CBO Assumes that Congress Will Drastically Cut Payments to Doctors:  CBO assumes that doctors will experience a 25 percent pay cut after the one-year Sustainable Growth Rate (SGR) patch provided in the Baucus bill.  CBO assumes this even though every year, from 2004 through 2009, Congress took action to spare doctors from the effect of the planned cuts.  Including the cost of fixing the SGR in the health care reform bill would add nearly a quarter trillion dollars to the score of the bill.  The Washington Post described this maneuvering by Democrats as a $245 billion “shell game” and “budgetary smoke and mirrors.”[x]  The Post wrote, “No one believes that [the cuts in payments to doctors required by the SGR] will happen, so the money is going to have to be scrounged up later or else add more to the deficit.”  Accounting for the almost certain cost of fixing the SGR would mean that the Baucus health care bill would increase the deficit by more than $150 billion.

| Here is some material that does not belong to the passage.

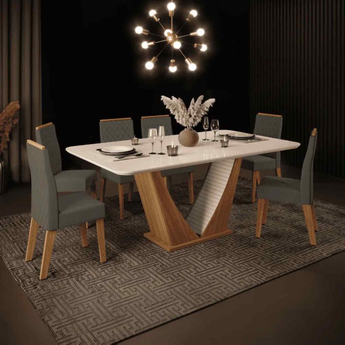 Conjunto Mesa de Jantar Lucy Carvalho/Creme com 6 Cadeiras Cássia Suede Cinza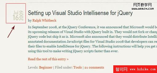LearningjQuery.com 博客帖子列表的左邊有一個很酷的日期,如圖:

[i] Washington Post, “In Health Debate, Those Numbers Are Just Numbers,” October 19, 2009.

[ii] In committee mark-up, the mandate was weakened so that it does not apply to people who cannot find a health insurance policy for less than eight percent of their income.  A premium calculator from the Kaiser Family Foundation shows that a family of four (in which both parents are 45 years old) would have to earn $125,000 per year (570 percent of the Federal Poverty Level (FPL)) before they could find a plan for less than eight percent of their income so that the mandate penalty would apply to them.

[iii] For example, families between 300 and 400 percent FPL would be required to pay health insurance premiums of at least 12 percent of their income for a plan before receiving a subsidy.  For a family of four earning 400 percent FPL ($88,000 per year), that would mean the family would be required to pay more than $9,000 in premiums to buy health insurance (not including cost-sharing) or a $1,500 penalty ($750 for each adult) for not buying insurance.

[iv] Wall Street Journal, “Mandated Health Insurance Squeezes Those in the Middle,” September 16, 2009.

[v] CBO only estimates that three million people lose employer-based coverage, although the number of people who lose their existing coverage could be affected by an increased offer rate among employers.  CBO has not provided data on the flows in coverage behind their numbers.

[vi] Available at:  http://healthreform.kff.org/SubsidyCalculator.aspx.  The calculator does not appear to account for the cost of the increased taxes on insurers, device manufacturers, and pharmaceutical companies that will be passed on to consumers in the form of higher premiums.

[vii] CBO Score of the America’s Healthy Future Act of 2009.

[viii] CRS Report to Congress, “Medicare Trigger,” January 29, 2008, RS 22796.

[ix] Public Law 108-173, Sec. 801, December 8, 2003. Available at: http://frwebgate.access.gpo.gov/cgi-bin/getdoc.cgi?dbname=108_cong_public_laws&docid=f:publ173.108.pdf 

[x] Washington Post, “Health Reform Shell Game,” October 10, 2009.